Summary written for general audiences

This 1972 review examined the environmental health implications of microwave radiation exposure, analyzing how electromagnetic fields in the microwave spectrum interact with biological systems. The research explored the dielectric properties of tissues and various biological effects from microwave exposure. This early environmental health assessment helped establish foundational understanding of microwave radiation's potential impacts on living organisms.

Why This Matters

This 1972 review represents a pivotal moment in EMF research when scientists first began systematically examining microwave radiation as an environmental health concern. Coming at the dawn of the microwave age, this work helped establish the scientific framework we still use today to understand how microwave frequencies interact with biological tissues through their dielectric properties.

What makes this research particularly relevant is its environmental perspective. Rather than focusing solely on occupational exposures, this review recognized that microwave radiation would become a widespread environmental factor affecting entire populations. The science demonstrates that the concerns raised in 1972 have proven prescient as we now live surrounded by microwave-emitting devices from WiFi routers to cell phones, all operating in frequency ranges that this early research identified as biologically active.

Exposure Information

Specific exposure levels were not quantified in this study.

Cite This Study
Donald I. McRee, Ph. D. (1972). Environmental Aspects of Microwave Radiation.
Show BibTeX
@article{environmental_aspects_of_microwave_radiation_g3693,
  author = {Donald I. McRee and Ph. D.},
  title = {Environmental Aspects of Microwave Radiation},
  year = {1972},
  
  
}

Quick Questions About This Study

This review examined how microwave radiation in the environment could affect biological systems, focusing on dielectric properties of tissues and various biological effects.
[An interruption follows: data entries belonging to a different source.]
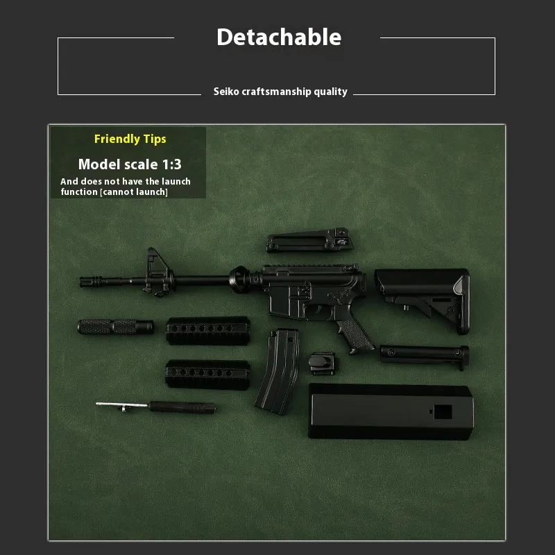 Made from durable alloy metal, the Alloy Military Model Detachable Metal Gun Toy is built to last. Its sturdy design not only offers a realistic look but also gives a substantial, authentic feel. This model toy gun replicates real military firearms with precision, from the design of the barrel to the details of the trigger and magazine. The alloy construction ensures durability, while the attention to detail makes it a standout piece for any military model collection.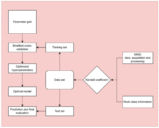 For machine learning, the data determines the upper limit of the model [29,30]. Datasets obtained in practice are usually small and unbalanced, thereby resulting in overfitting; therefore, training the optimal model with limited data while avoiding overfitting is key. Here, the stratified K-fold cross-validation method was used to divide the training set into K parts, of which K − 1 parts were used for model training and one part was used as a validation set. The validation set was not involved in training and was used for cross-cycle validation in the model, i.e., cycling K times to adjust the parameters and evaluate the model. The workflow is shown in Figure 2. Regarding the unbalanced distribution of samples of different rock classes in the dataset, random division may aggravate the unbalance; hence, the stratification method was used to pass the labels of the rock classes in the division and ensure that the proportions of samples of different rock classes in the training and validation sets are the same as that of the original data, thereby reducing adverse effects.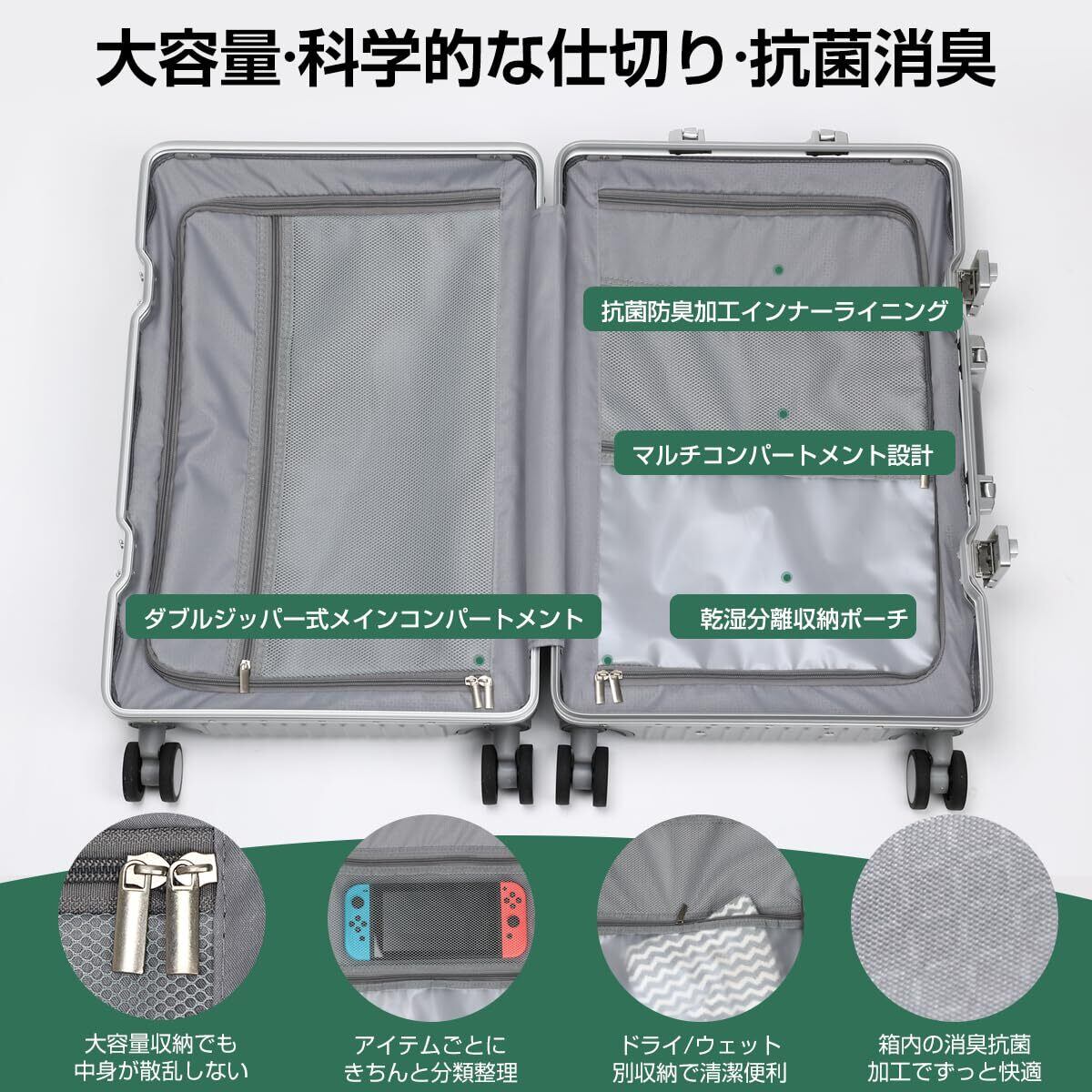 【大容量&収納システム&抗菌防臭設計】 こちらのMサイズスーツケース(66×43×25cm)は、革新的な収納システムを採用し、大容量と整理整頓を両立。2つのメインコンパートメントには両開きの防爆ファスナーを装備し、5~7着の衣類をきれいに収納しながら、中身の散乱を防止。2つの透明メッシュポケットでパスポートや充電器などの小物を分類収納可能。防水のウェット&ドライポケットは、水着や濡れたタオルなどを清潔な衣類と完全に分離し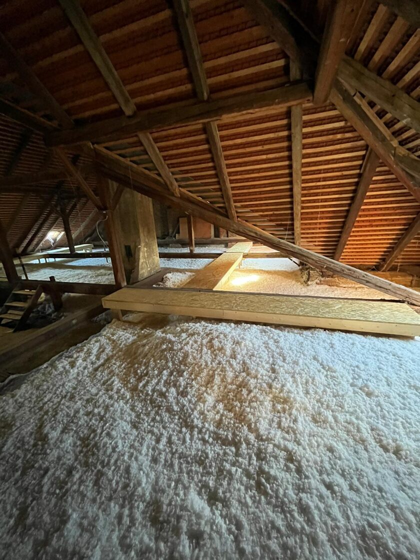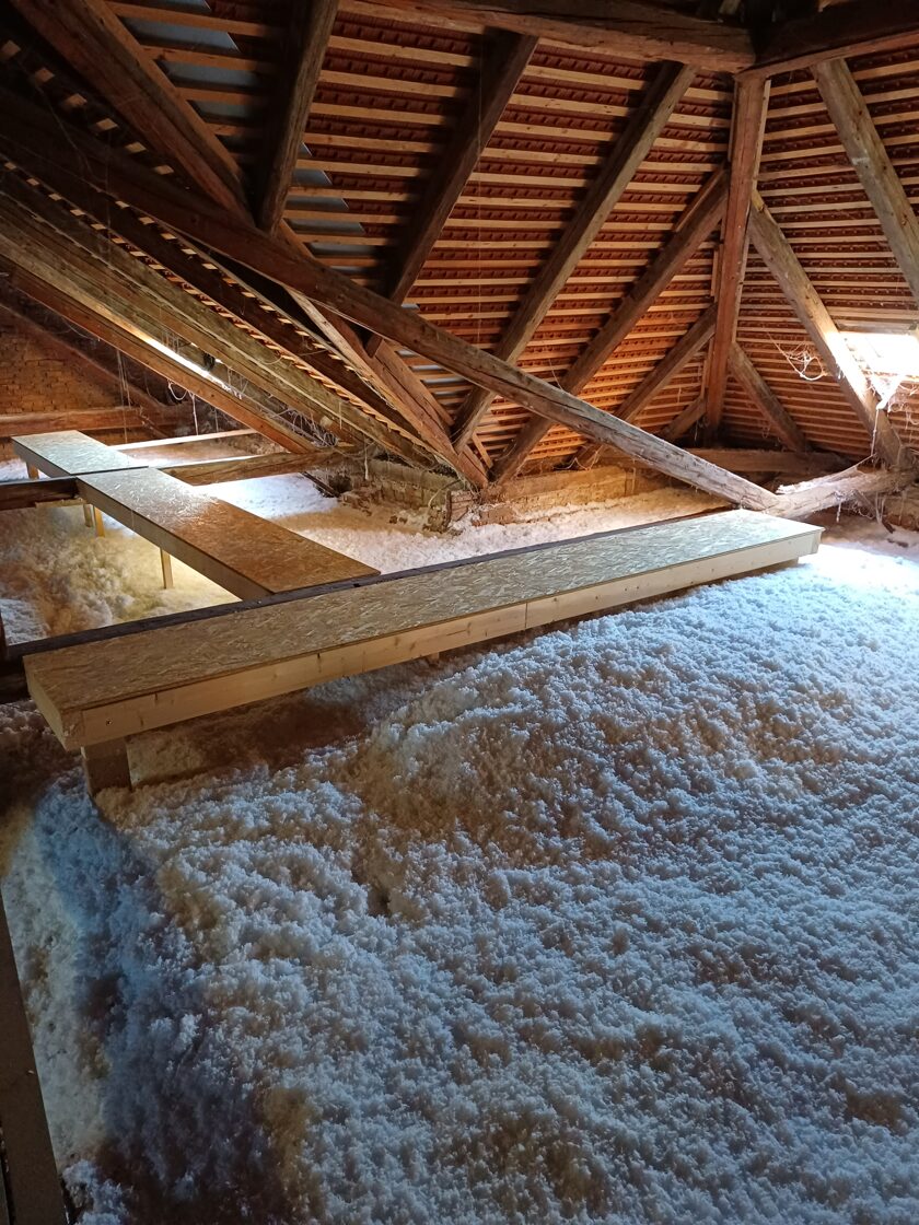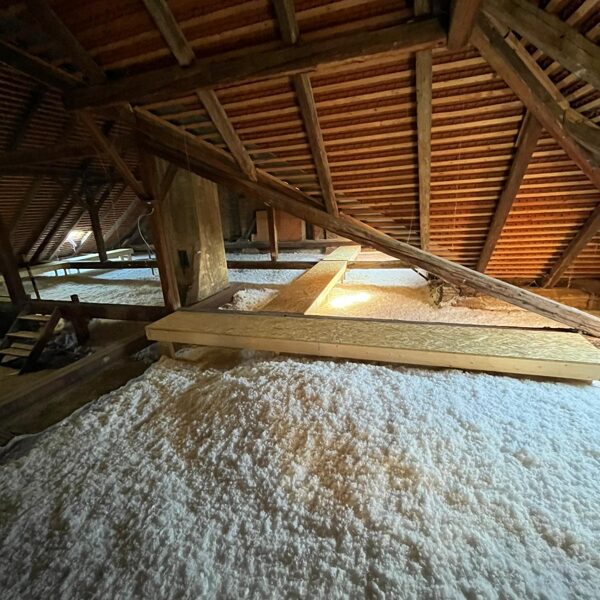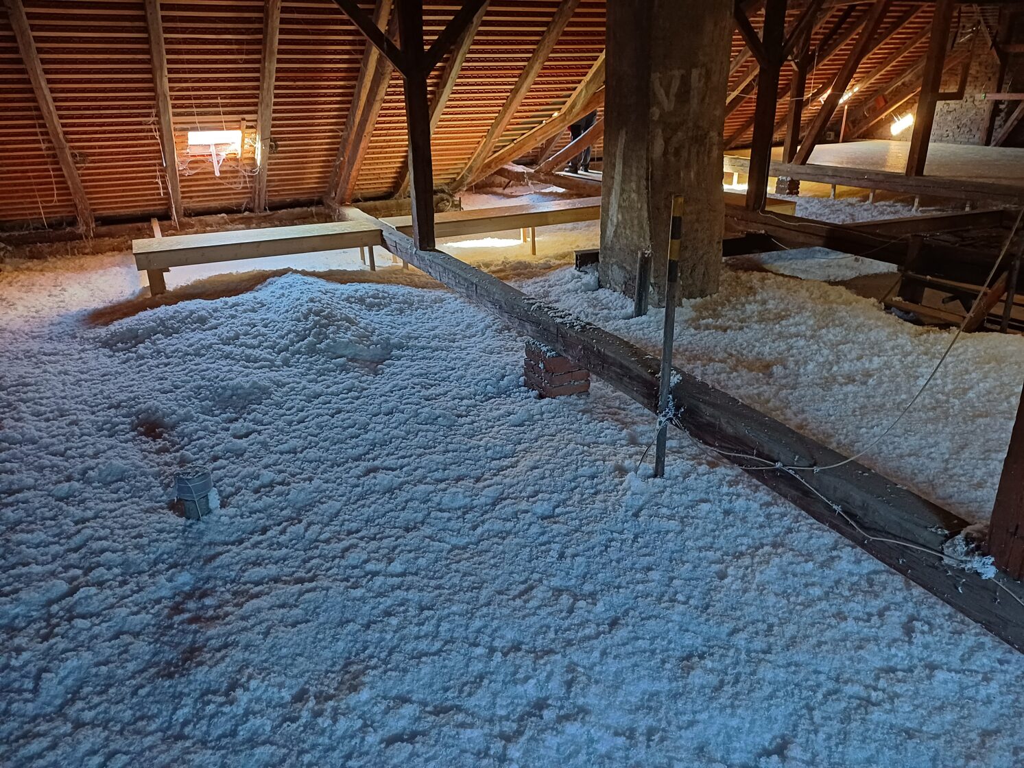 Rychlá a bezprahová aplikace – izolace se fouká přímo do střešních konstrukcí nebo mezi trámy, bez nutnosti složité rekonstrukce.

It represented early recognition that microwave exposure would become a widespread environmental health issue.
Dielectric properties determine how biological tissues absorb and interact with microwave energy. Understanding these properties was crucial for predicting how microwave radiation would affect different organs and tissues in the human body.
This early environmental health review recognized that microwave radiation would become a widespread exposure affecting entire populations, not just occupational workers. This foresight proved accurate as microwave devices now surround us daily.
Unlike previous occupational studies, this review took an environmental perspective, examining microwave radiation as a broad public health concern that would affect general populations through everyday exposure sources.
Early researchers were beginning to understand how microwave radiation interacted with biological systems through dielectric heating and other mechanisms, though the full scope of non-thermal effects wasn't yet recognized.